((

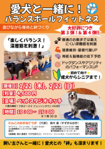 2026年1月22日(木) & 2月22日(日)「愛犬のためのバランスボールフィットネス」第3弾&第4弾 埼玉県入間市@Pet Studio Hocci
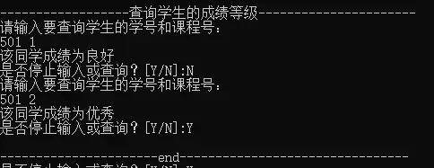 - 功能5:输入特定学生的学号和课程编号后,返回该科目对应的成绩等级
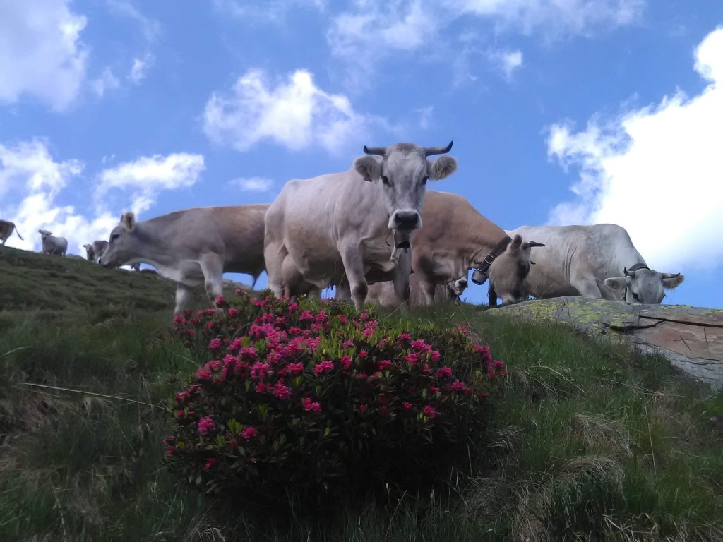Attualmente carichiamo l’alpe con 150 vacche nutrici con vitelli e manze da inizio giugno fino circa metà ottobre .
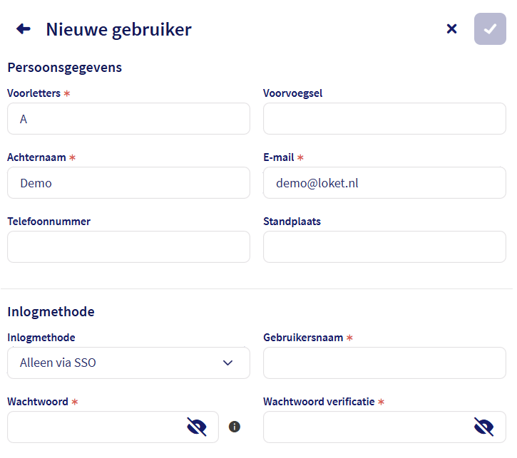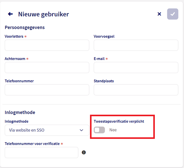 Om een nieuwe gebruiker uit te nodigen vul je eerst de benodigde gegevens in waarbij de velden Voorletters, Achternaam, Email en Telefoonnummer verificatie verplicht zijn. Gebruik een geldig Nederlands telefoonnummer, of voor een internationaal telefoonnummer het volgende formaat: +32612345678. Let op: het telefoonnummer verificatie wordt niet opgeslagen bij de gebruiker.
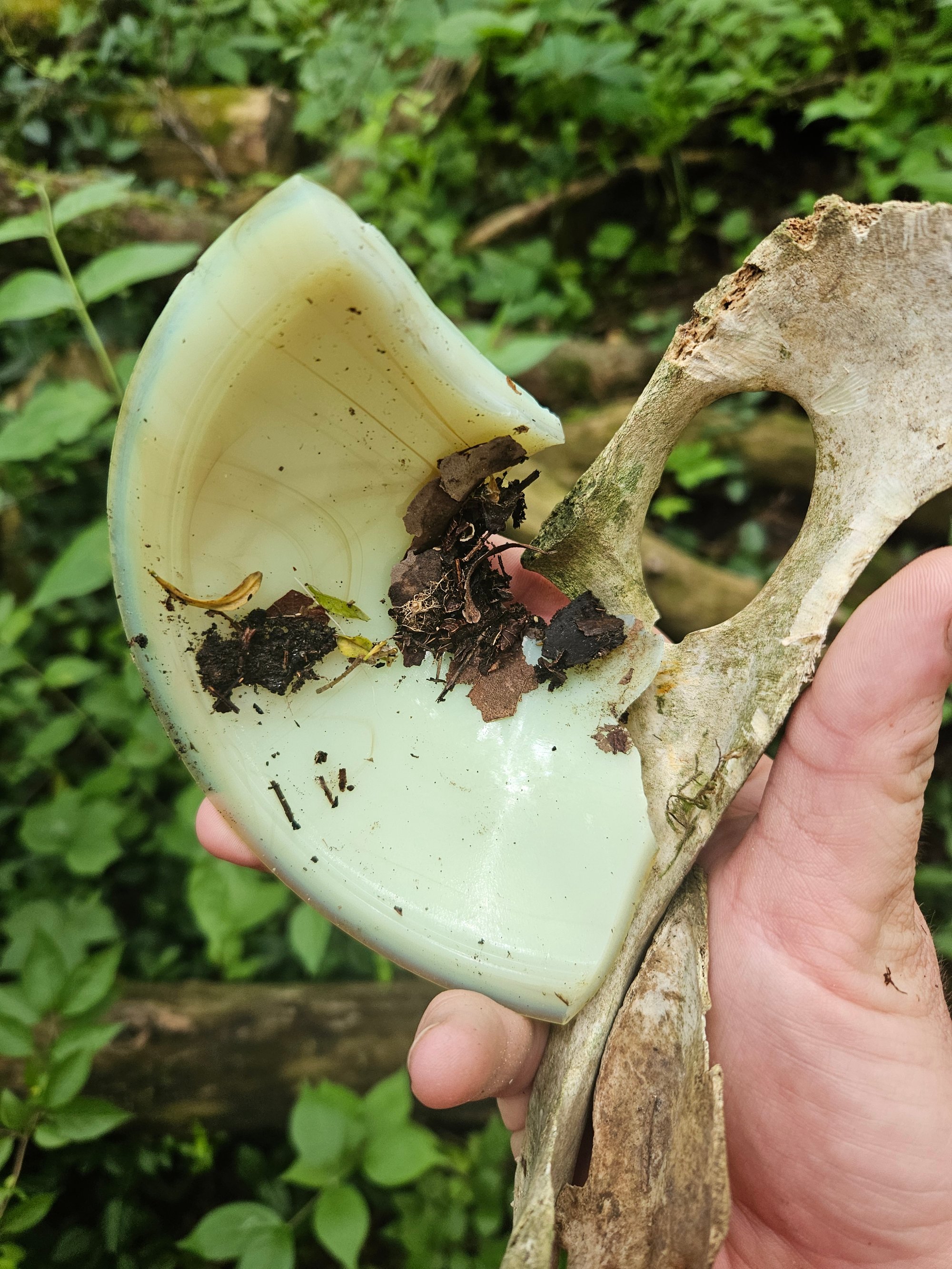 This is a broken chunk of Custard Uranium Glass. Most likely used to be a light shade. great for crafting Jewelry, cabs, spear heads, etc. Used to be said that Uranium had some healing properties. Before the 1890s mildly radioactive waters and sands were used in health spas.

))

TASK STATEMENT:
Could you transcribe exactly the lines from the start of the records through the line containing "Om een nieuwe", both ends included, leaving the pictures out?

ANSWER FOR THE TASK:
 2026年1月22日(木) & 2月22日(日)「愛犬のためのバランスボールフィットネス」第3弾&第4弾 埼玉県入間市@Pet Studio Hocci
 - 功能5:输入特定学生的学号和课程编号后,返回该科目对应的成绩等级
Attualmente carichiamo l’alpe con 150 vacche nutrici con vitelli e manze da inizio giugno fino circa metà ottobre .
 Om een nieuwe gebruiker uit te nodigen vul je eerst de benodigde gegevens in waarbij de velden Voorletters, Achternaam, Email en Telefoonnummer verificatie verplicht zijn. Gebruik een geldig Nederlands telefoonnummer, of voor een internationaal telefoonnummer het volgende formaat: +32612345678. Let op: het telefoonnummer verificatie wordt niet opgeslagen bij de gebruiker.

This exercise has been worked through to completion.